So, in case you’re of a mind to buy a book … which maybe you’ll enjoy and then again, maybe you won’t … the book is about child abuse and getting over it as well as the strange ways it warps you as you plod through life . How building a tepee helped me dump the bullshit from childhood and other stuff added along the way. In advance, I ask your forbearance about typos. Without a proper proofreader and editor, I was left to my own devices. If you read me regularly, you know I’m  a terrible proofreader and the queen of typos.

Being a writer and a proofreader have nothing to do with each other. Different skill sets. It is also hard to proofread your own manuscript: you tend to see what you meant to write and not what is there. 75-BooksHP

If you have any interest in acquiring the book in whatever form:

You can buy the hardcopy paperback here and the Kindle edition here. If you belong to Amazon Prime, you can read it for free. I get the same $1.87 in royalties whether you buy it or borrow it.  Go figure.
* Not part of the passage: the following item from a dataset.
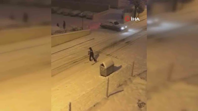 Akşam saatlerinde başlayan kar yağışı sonrası Ankara sokakları beyaza büründü. Kar yağışını göre vatandaşlar kendilerini sokağa attı. Sokakların karla kaplanmasını fırsat bilen bir vatandaş kayak yaptı. O anlar çevredeki vatandaşın cep telefonu kamerası tarafından kaydedildi.

I have serious concerns about the state of publishing. I am convinced there are more good writers who can’t find a publisher than good writers who get published. With the opportunities offered by the electronic publishing, I would think the potential profit has increased exponentially. Why not publish more? E-books cost nothing but a little electronic storage space … and books like mine that are published as “print to order” cost nothing until it has already been bought and paid for. It’s risk free. It would be good for everyone.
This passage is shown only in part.